The financial consequences are real. But the body is keeping a separate account entirely.
The physical cost of chronic misalignment is perhaps the most consequential and the least discussed, because it accumulates invisibly and is almost never attributed to its actual source.
The research on unhappy marriages and physical health is unusually consistent. A series of landmark studies led by psychoneuroimmunologist Janice Kiecolt-Glaser at Ohio State University, published in leading peer-reviewed journals, found that spouses who exhibited hostile behaviours during conflict had slower wound healing, weaker immune responses, and higher levels of cortisol and inflammatory markers. When couples who had participated in those studies were followed up two years later, spouses in distressed marriages had experienced significantly larger declines in cellular immune function than those in happy ones. The body, it turns out, keeps a running record of the relationship.

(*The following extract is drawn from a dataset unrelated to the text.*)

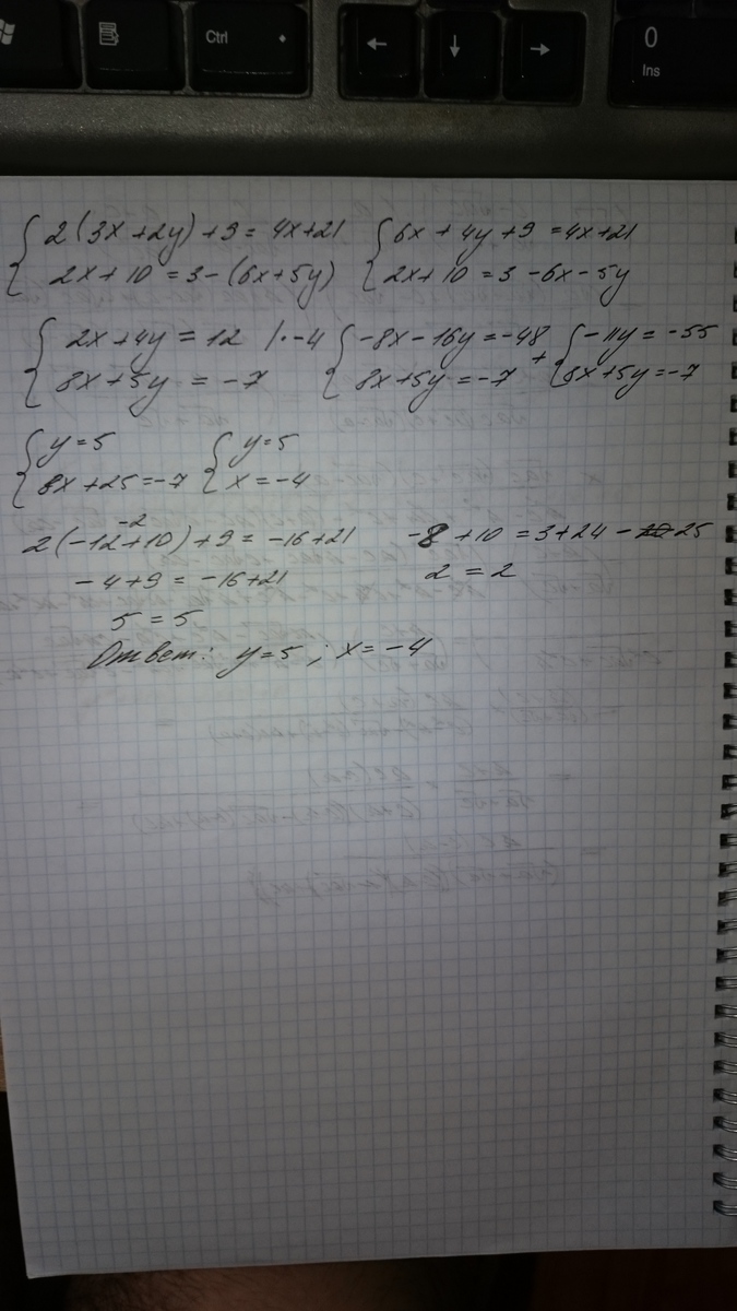 2(3х + 2у) + 9 = 4х +21;

The research on workplace stress tells a parallel story. Chronic occupational stress is associated with elevated cortisol, disrupted sleep, and meaningfully higher rates of anxiety and depression. Mind Share Partners’ 2025 data found that more than 76% of U.S. workers reported experiencing some level of burnout, with 53% at moderate to severe levels. 48% of American employees have left a job for reasons tied to their mental health. Two thirds of those departures were voluntary, meaning they were choices made before the situation became medically urgent. What links these findings across work and relationships is a single mechanism. The body does not distinguish between different sources of chronic stress. It responds to prolonged misalignment the same way it responds to any sustained threat, with physiological changes that were designed for short-term emergencies and are poorly suited to years of accumulated tension. The cortisol that was meant to help you navigate danger is not, it turns out, well adapted to the experience of sitting across from the wrong situation at a desk or a dinner table every day for years.
The research on sunk cost bias—the deeply human tendency to continue investing in something because of what has already been spent—offers some explanation for why the exit is so consistently delayed. The more time and energy already committed, the harder it becomes to accept that the return will not arrive. This is a genuinely painful cognitive reality. But it is also a trap, because the sunk cost is not recovered by staying. It simply continues to compound.
What makes the cost of staying so difficult to confront is that it almost never comes as a single legible bill. It settles into the texture of ordinary days, quietly and without announcement, in the mornings you wake up already tired, in the ideas that never surface because the environment never asked for them, in the version of yourself that stays on hold, waiting for permission to begin.
The evidence, taken together, tells a consistent story. Staying is not always the safe option. It is most often simply the familiar one. In careers, in relationships, and in health, the research shows the same thing: the cost of remaining where you do not belong accumulates quietly, almost invisibly, compounds over years, and in almost every case that has been studied carefully, exceeds the cost of the transition that was used to justify staying.
The question was never whether you could afford to leave. The question, it turns out, is whether you can afford not to.